_PROBLEM TO SOLVE:_ Return, without pictures, the lines from the start of the data through the one that contains "尾根によじ登り、景色のない尾".

_RECORDS:_
- - - -

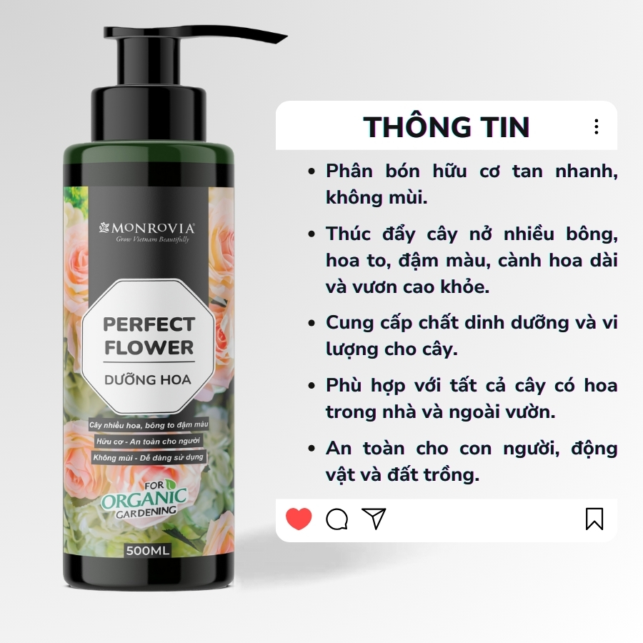 ✨Phân bón DƯỠNG HOA MONROVIA hữu cơ giúp hoa to dậm màu cho hoa hồng, hoa lan, dung tích 500ml
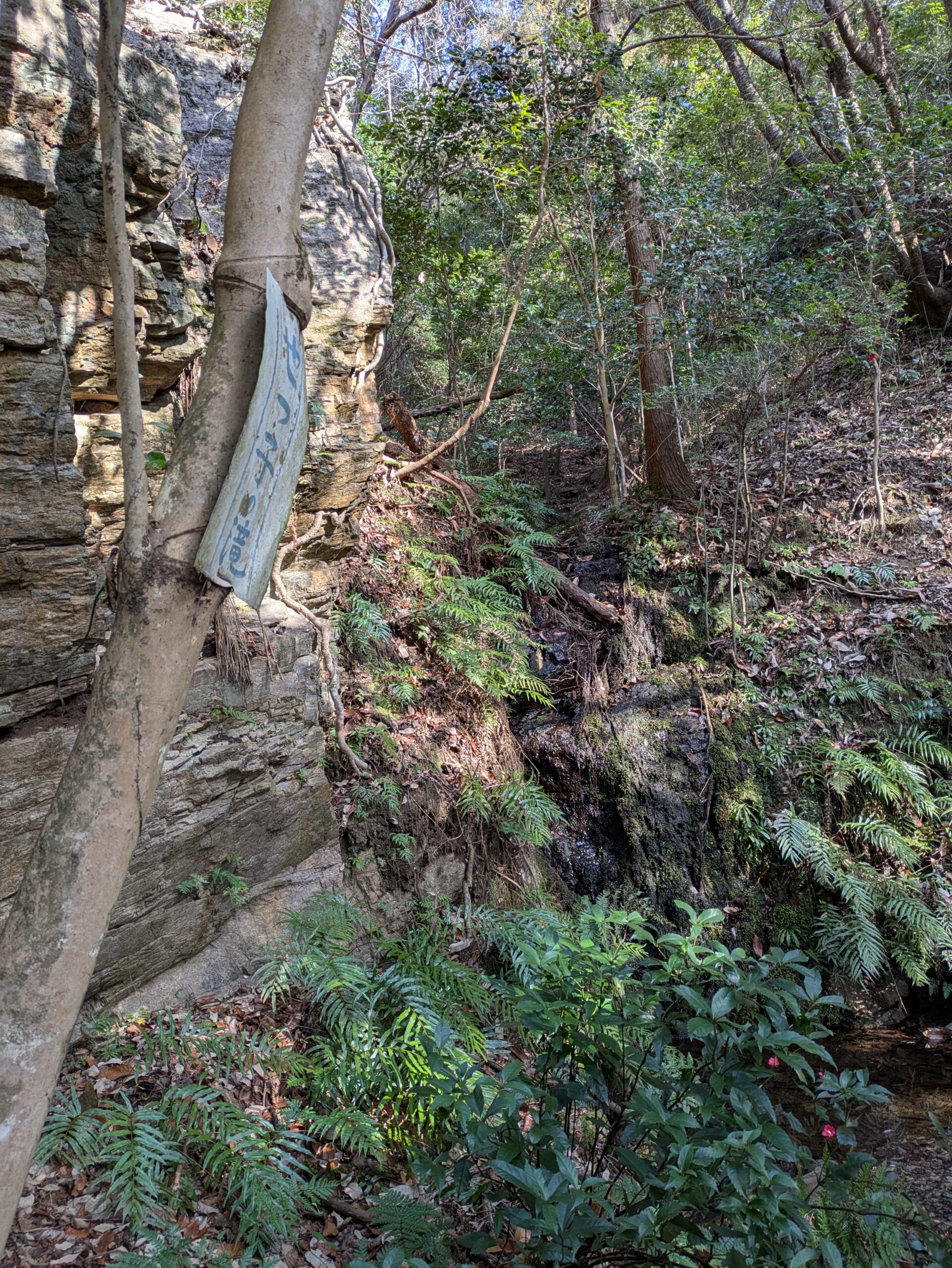 尾根によじ登り、景色のない尾根道を、プラスチックスプーンの目印をたどりながら展望地へ。
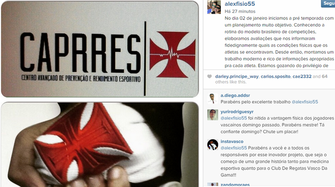 No dia 02 de janeiro iniciamos a pré temporada com um planejamento muito objetivo. Conhecendo a rotina do modelo brasileiro de competições, elaboramos avaliações que nos informaram fidedignamente quais as condições físicas que os atletas se encontravam. Desde então, montamos um trabalho moderno e rico de informações apropriadas pra cada atleta. Estamos gozando do privilégio de ter sofrido apenas uma lesão muscular (diagnosticada por imagem) desde a pré temporada. Sendo assim os treinos e jogos puderam ser praticados com saúde. Lembro que ninguém pode responder pelo Clube de Regatas Vasco da Gama que de forma científica e prática organiza suas atividades. Ressalto que o campeonato carioca foi uma excelente oportunidade para ajustar a parte física do time. Os trabalhos continuam com plantão 24 horas do CAPRRES. (Ainda é só o começo)
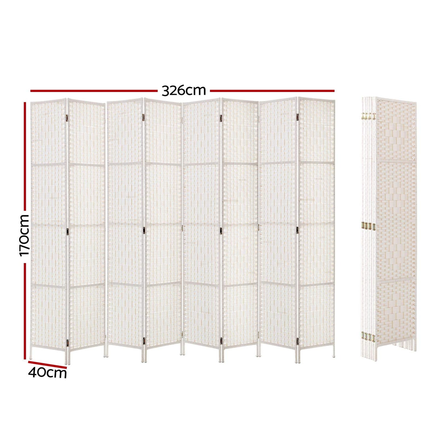 When you need instant private space, our 8-panel room divider helps create dedicated zones in the most hassle-free way. With its exotic and elegant design, our elegant panel divider certainly stands out from the looks of mundane dividers. Made from solid New Zealand wood, the divider is non-toxic, fade-resistant, waterproof and breathable. As for panels , they're beautifully crafted from rolled paper that mimics rattan look and feel. Lightweight and yet sturdy, our room divider utilises 2-way metal hinges to cope with robust use. Not least, the panels are also easily foldable for space saving storage.
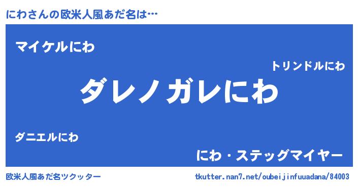 | 男性向けラノベタイトル風あだ名 | 『この素晴らしい世界ににわを!』 |
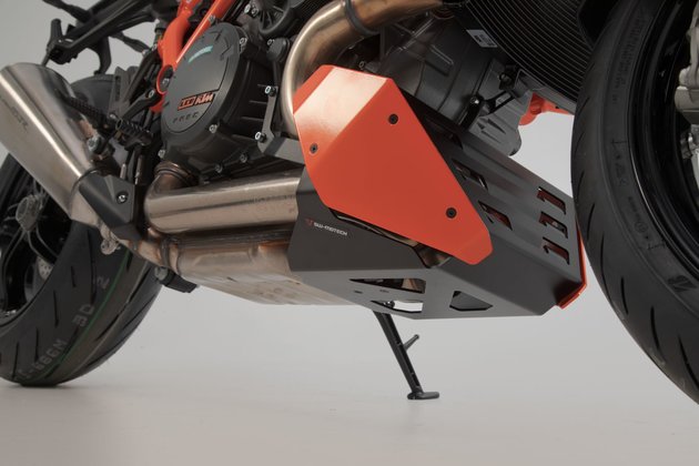 The SW-MOTECH front spoiler, which is tailored to the design of the bike, offers reliable protection against stone chips and unintentional contact with the ground. The powder coating on the surface is extremely durable and permanently protects against corrosion. Extremely sturdy underbody protection can be easily attached to original attachment points using the custom steel attachments provided, all without drilling or welding.
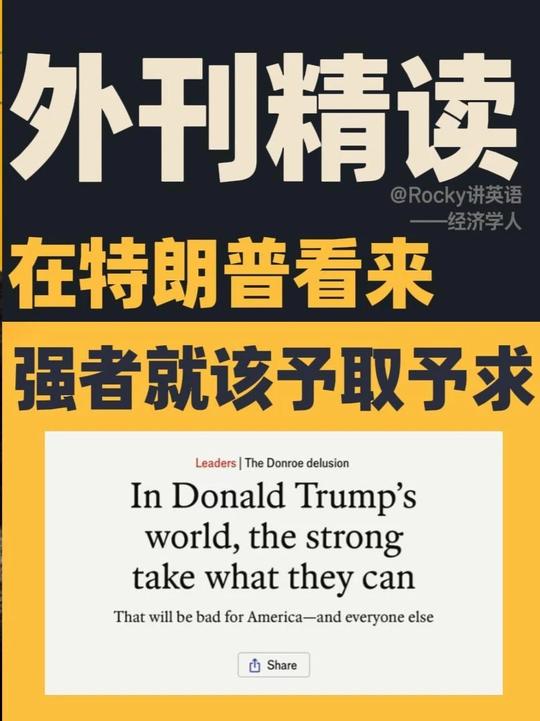 ![]() ![]() 抓了马杜罗,然后呢?| 经济学人 | 外刊精读系列 #外刊精读 #外刊 #英语 #特朗普 Rocky讲英语 发布时间2026/01/23 07:06:23 | 2 | 1 | 4 | 13 | 更多 |
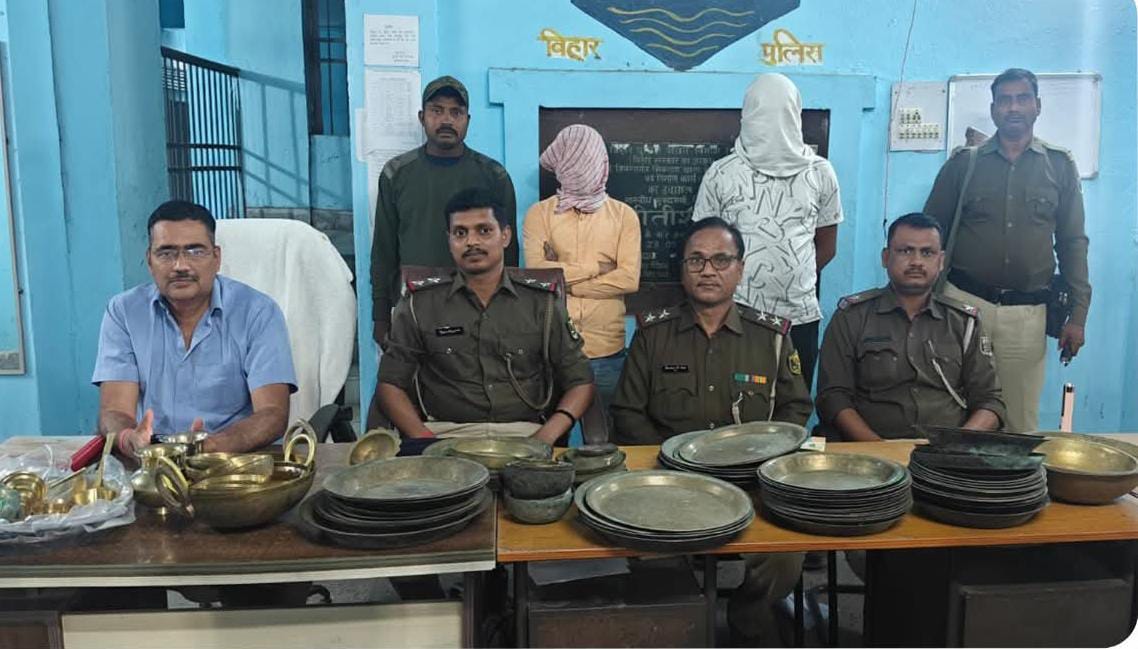 Bihar Police ने बड़ी कार्रवाई करते हुए चोर गिरोह का भंडाफोड़ किया है। पुलिस ने चोरी के सामान के साथ दो अभियुक्तों को गिरफ्तार किया है।

- - - -

_EXERCISE RESULT:_
 ✨Phân bón DƯỠNG HOA MONROVIA hữu cơ giúp hoa to dậm màu cho hoa hồng, hoa lan, dung tích 500ml
 尾根によじ登り、景色のない尾根道を、プラスチックスプーンの目印をたどりながら展望地へ。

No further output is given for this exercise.